Наверное, было бы лучше, если бы я не рассказывал все Анри. Но когда он задает вопросы, я не могу ничего сделать, и поэтому отвечаю, как есть. Даже если хотел бы, не смог соврать. Я не знаю как это.

Был один случай в общаге.

     Мэт в самые первые дни нашего знакомства спросил, в чем ему лучше пойти на экзамен. Перерыв всю свою полочку в шкафу, он показал мне два варианта: голубые джинсы (хорошо, хоть не рваные) и красная футболка, или черные широкие штаны с рубашкой в клеточку. Все смотрелось на нем как-то несуразно, и вместо того, чтобы не портить о себе мнения с самого начала и выбрать более-менее подходящий вариант, я сказал в лоб:

— Что первый, что второй образ – полная безвкусица. Я бы не пошел ни в одном из них. Что, если пройтись по магазинам сегодня вечером?

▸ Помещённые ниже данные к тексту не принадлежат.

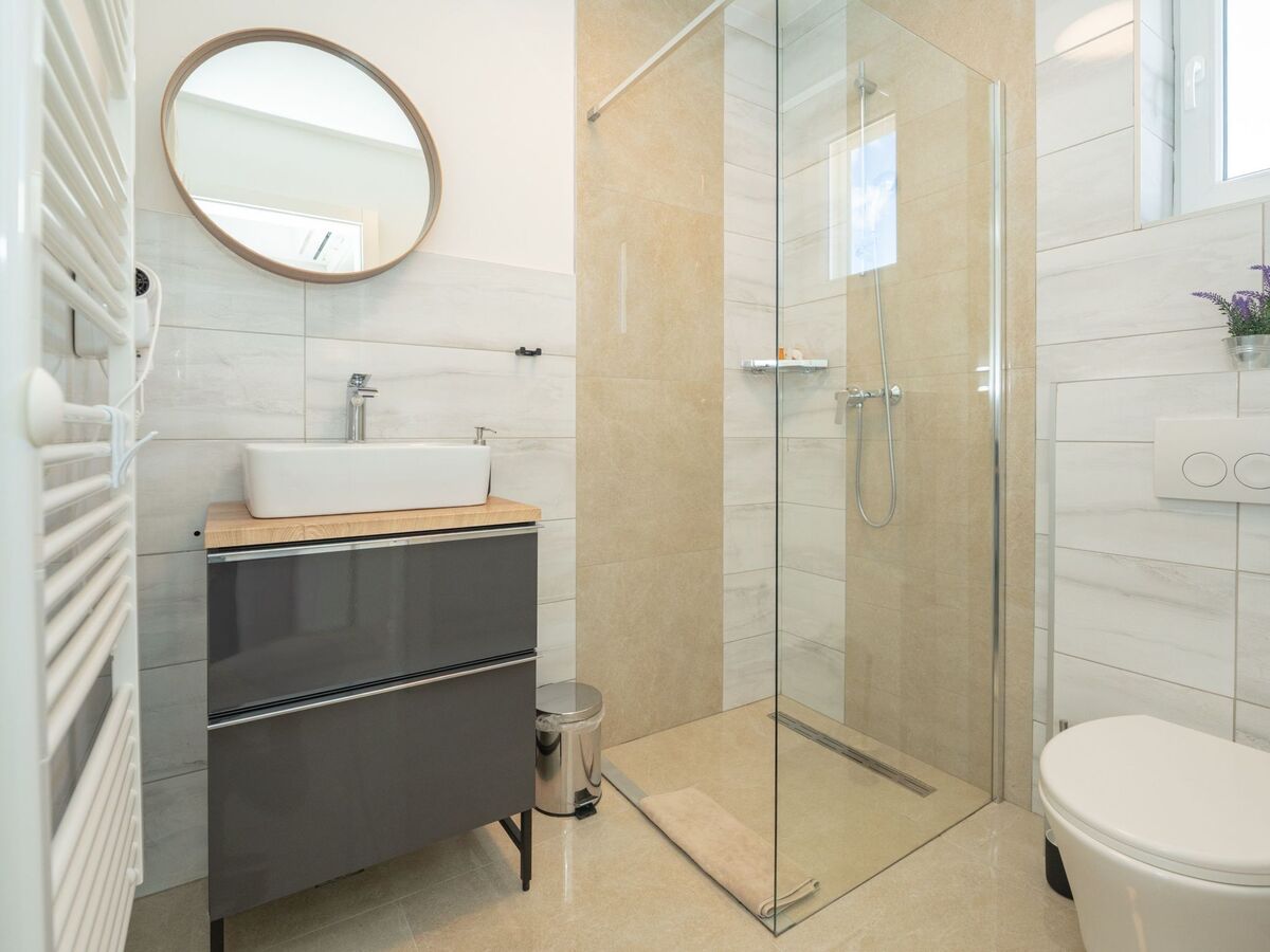 The villa has a total of four en-suite bathrooms, all equipped with showers.

     Люди не раз пытались мне объяснить, что неумение врать не должно сливаться с хамством, но я никогда не преследовал цели хамить кому-то, и даже не подозревал, что именно этим и занимаюсь. Просто мои мысли сразу выливаются наружу, и я совершенно не знаю, как их переиначивать, подавать более красиво, чтобы никого не задеть. Более того, я не всегда понимаю, что человек на меня обижен, чтобы попытаться это как-то исправить. Я просто выяснил, что я, оказывается, грубый человек, совершенно невнимательный к людям. Но как бы не пытался это исправить, очень долго у меня не выходило. Слишком постепенно я приходил к понимаю людей и их эмоций, но и сейчас не уверен наверняка, что различаю их. В детстве мы часто ссорились с Анри из-за моей прямоты, он совсем не умел принимать правду. Позже, не знаю, как, но он принял меня таким, какой я есть. Видимо он осознал, что слушать всю правду в лицо не так страшно, как быть обманутым. А это чувство мне уже было давно знакомо. Из-за того, что я не понимал эмоций, люди могли этим пользоваться. И делали это не раз. Я мог только спустя много лет узнать, что, оказывается, меня обвели вокруг пальца, как дурака, даже не сильно изворачиваясь. Это сильно мешало мне жить. Но, позже (намного позже), пришел к выводу, что это моя особенность и стал даже благодарен судьбе за то, что я никогда не стану таким, как они. Я не буду врать людям. И, может, оно и к лучшему, что я иногда не буду подозревать, что так поступают со мной.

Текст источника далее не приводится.